I bought the 36" alaskan and mounted it on a 660. I would like to know if clamping over the joint toward the tip of the bar will cause any problems. I can move the clamp back a little and miss the joint but it will cut down on my width of cut. Any help is appreciated. Jgoodwin


----------



## aggiewoodbutchr

jgoodwin said:


> I bought the 36" alaskan and mounted it on a 660. I would like to know if clamping over the joint toward the tip of the bar will cause any problems. I can move the clamp back a little and miss the joint but it will cut down on my width of cut. Any help is appreciated. Jgoodwin



Welcome to AS!

Shouldn't hurt as long as the clamp pads are solid (I believe Alaskan's are). What brand/ type of bar are you using?


----------



## jgoodwin

*36" alaskan mill*

It's a Stihl Rollomatic ES 24". Thought I'd start with some small pine logs to get
the feel of milling. I'm gonna take it slow. It's my first time with a big saw and a mill. I'll probably waste all day worrying and being cautious. I've read every thing on this site for over a year.

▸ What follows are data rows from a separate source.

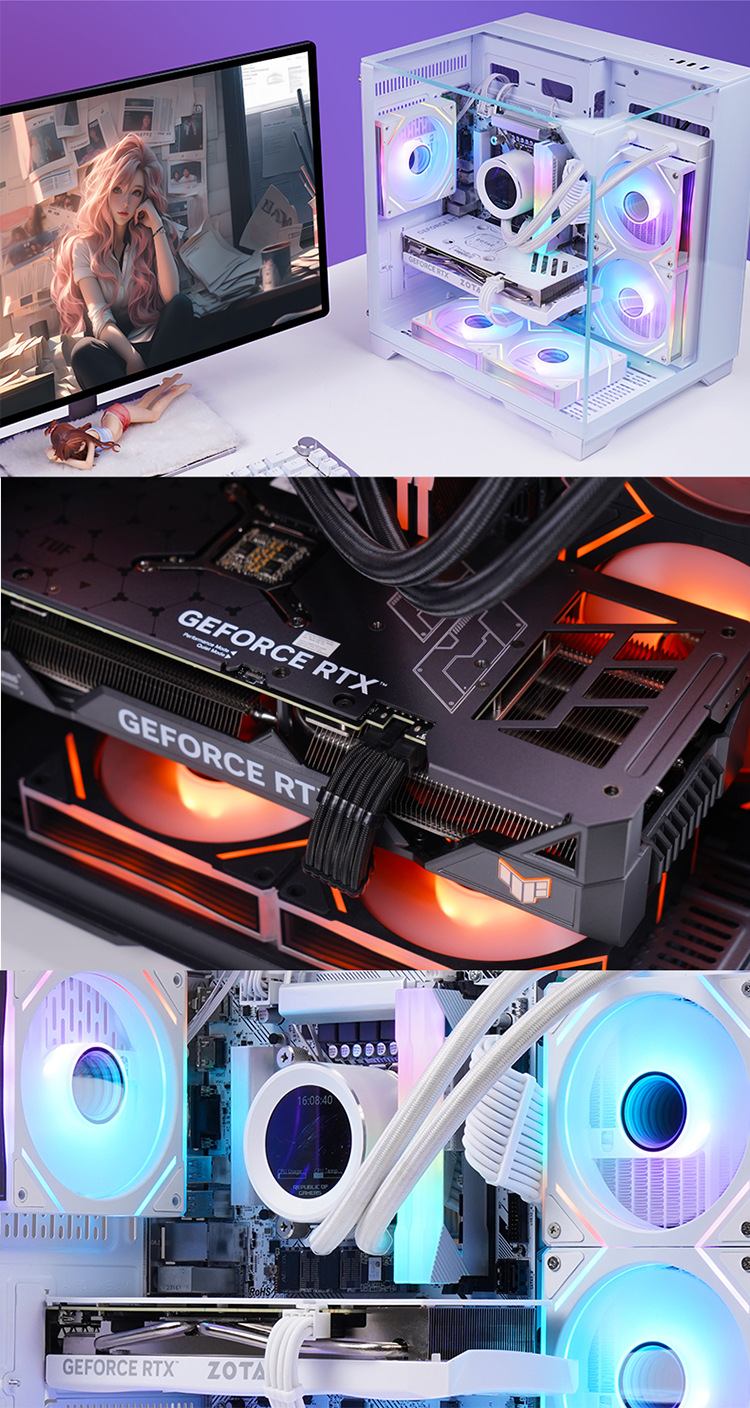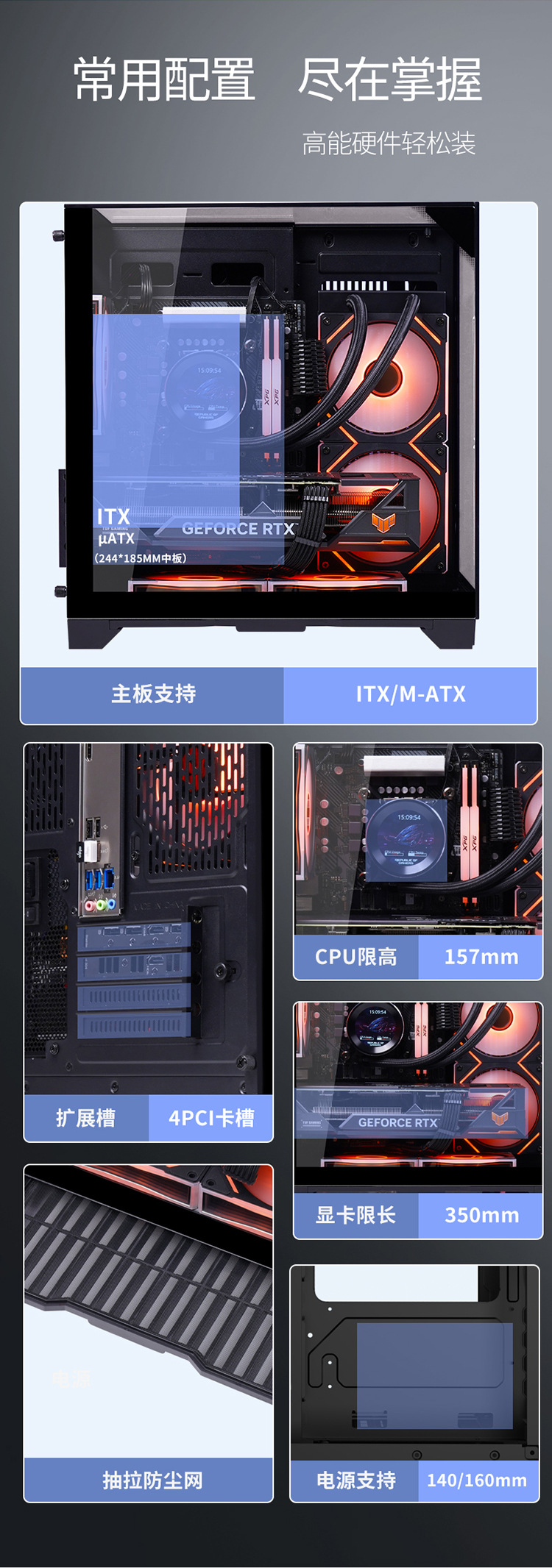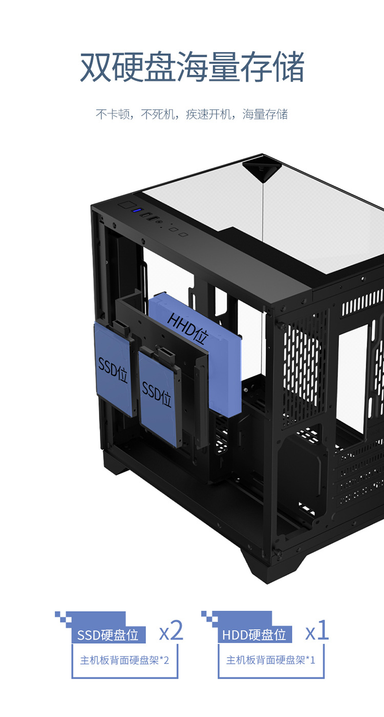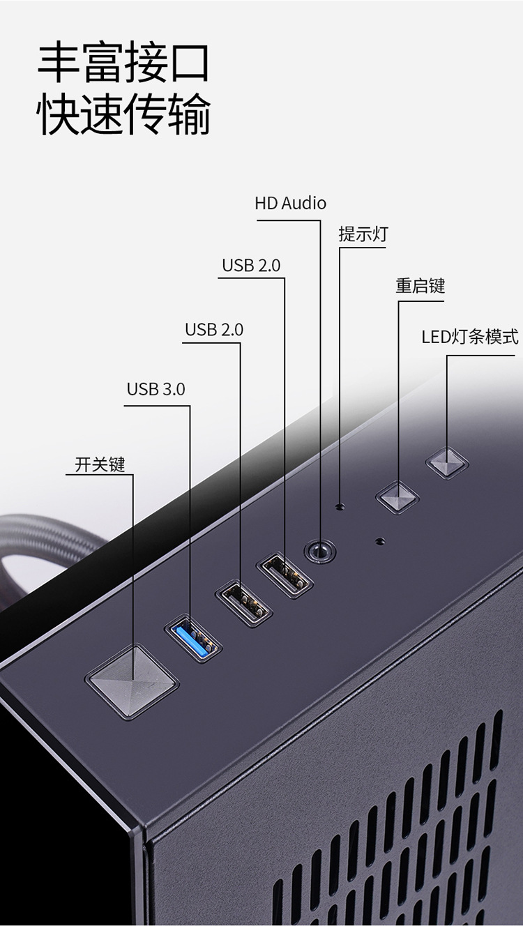 三面钢化玻璃海景房电脑机箱台式主机M-ATX水冷侧透游戏电竞机箱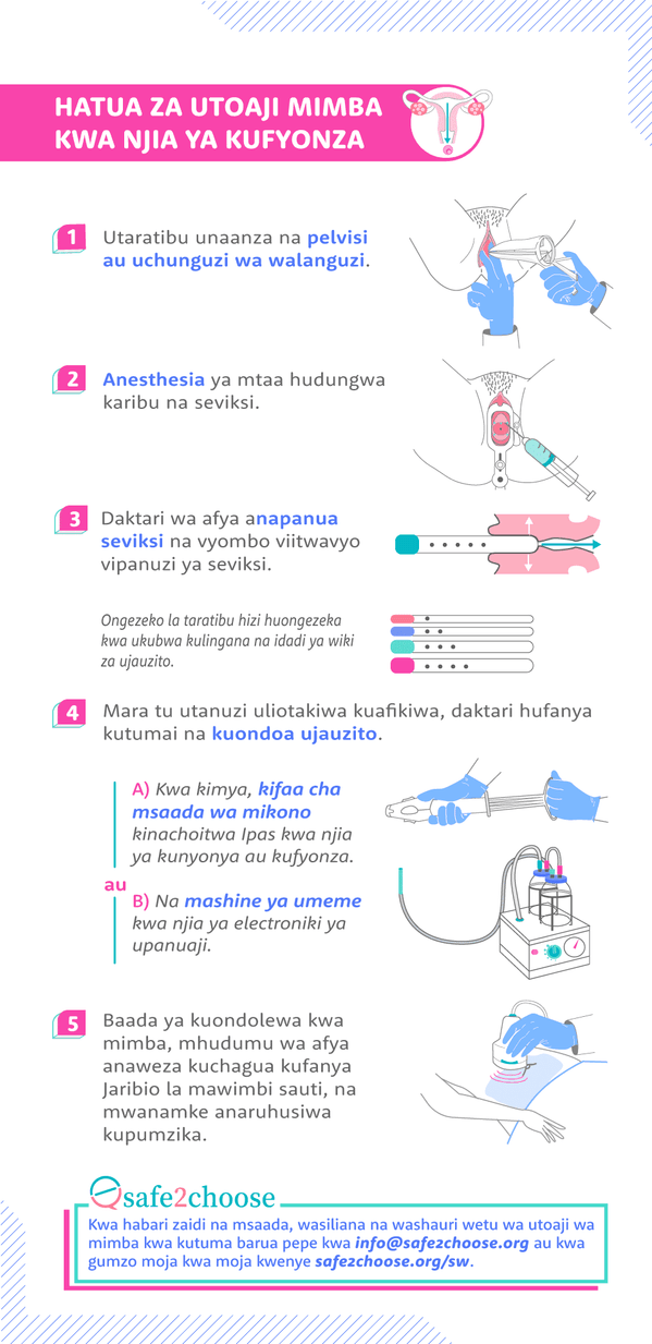 Utoaji mimba kwa kutumia Njia ya kunyonya au kufyanza au Upanuaji na ukwanguaji kwa njia ya electoniki ni aina za utoaji mimba wa kliniki ambazo zinaweza kufanyika kwa mimba zenye hadi wiki 14 za ujauzito (kwa Njia ya Kunyonya ua Kufyonza) na hadi wiki 16 (kwa Upanuaji na ukwanguaji kwa njia ya electoniki ). Unaweza kupata taarifa zote unazohitaji kwenye ukurasa huu. Ikiwa bado una maswali, wasiliana na timu yetu ya ushauri.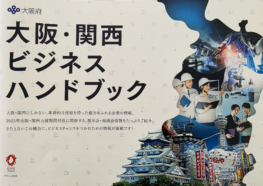 ニュースEXPO2025大阪関西万博に合わせ大阪府商工労働部より発行された標記ハンドブックに、大阪関西エリアのおすすめ企業57社の内、先端企業の1社として選定掲載されました。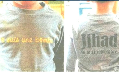 Fransa'da bir anne 3 yaşında ki çocuğuna üstünde “Jihad né le 11 septembre » ve “je suis une bombe” yazan bir T-Shirt ile okula göndermişti.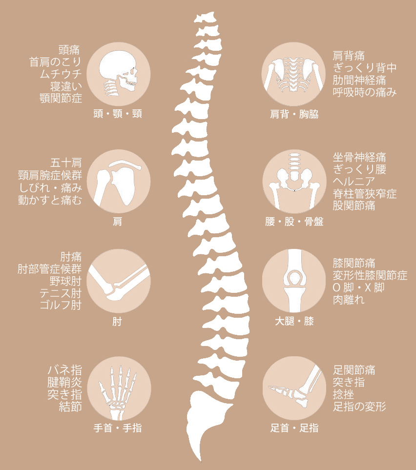頭のてっぺんから足の指先にいたるまでのあらゆる痛み・シビレ・こり・動作制限が適応となります。状態をおおきく①骨格のズレやゆがみによる神経圧迫、②筋肉の炎症、③それらがあわさったものにわけ、❶骨格の矯正と❷理学療法(主に超音波治療)により治癒させます。
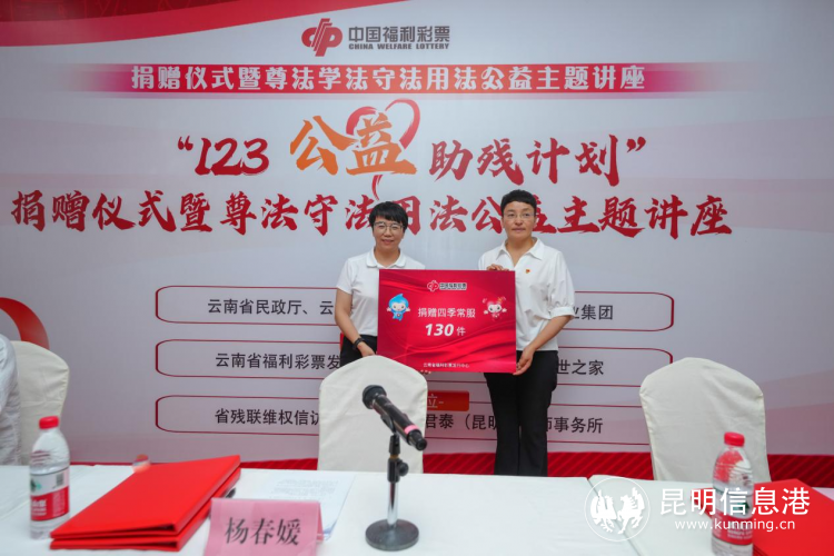 活动当天,云南省福利彩票发行中心在中国昆明济世之家举办“123公益助残计划”捐赠活动,向济世之家一百余名学员捐赠四季常服,并开展了尊法学法守法用法公益主题讲座。

We'll see how much of it I retained before the
day is over. I've got my mobile phone and 911 on hold. Thanks jgoodwin


----------



## woodshop

aggiewoodbutchr said:


> Welcome to AS!
> 
> Shouldn't hurt as long as the clamp pads are solid (I believe Alaskan's are). What brand/ type of bar are you using?



Don't want to be in the position of disagreeing with my buddy aggie, but when I put my alaskan on my 28" Rollmatic bar for the first time couple years ago, I clamped it near the end of that bar not knowing better, and the chain would hardly move. Moved it back behind the sprocket and then it was fine. The pressure of the clamp was keeping the chain from spinning around the end of the bar freely. Experiment yourself... stick it on and see if you can spin that chain by hand, and if it binds then move it down a little at a time till it's free.


----------



## aggiewoodbutchr

woodshop said:


> Don't want to be in the position of disagreeing with my buddy aggie, but when I put my alaskan on my 28" Rollmatic bar for the first time couple years ago, I clamped it near the end of that bar not knowing better, and the chain would hardly move. Moved it back behind the sprocket and then it was fine. The pressure of the clamp was keeping the chain from spinning around the end of the bar freely. Experiment yourself... stick it on and see if you can spin that chain by hand, and if it binds then move it down a little at a time till it's free.



Disagree all you like! I've been wrong before and I'm sure I'll be wrong again. You won't hurt my feelings. 

When I read his question I pictured the clamp to be covering the joint between the tip and bar but not all the way out on the roller nose. I should have been more clear but thanks for pointing it out. It could have caused a bad day for Mr. Goodwin.


----------



## jgoodwin

*36" alaskan mill*

Thanks aggie & woodshop. Aggie you had it right. It was in that joint but I 
moved it back just to be on the safe side. Everything went fine. Just slow due
to being old, cautious, ignorant and scared. The saw just blew through the soft pine. Nothing broke anyway. I checked and I still have all the skin left on my body that I started with. I'll get the hang of it. When I get to real milling on the hardwood I'll post some pics.


----------



## woodshop

Glad you got it going Jgoodwin. A big saw will blow through soft pine or poplar, almost not fair to the wood  Don't be timid though, stick that clamp out near the very end like aggie says and try it, it might work and you'll get an extra few inches if you need it. No harm done because you can tell right away as soon as you clamp it and try to pull that chain around with your hand if it's going to bind or not.


----------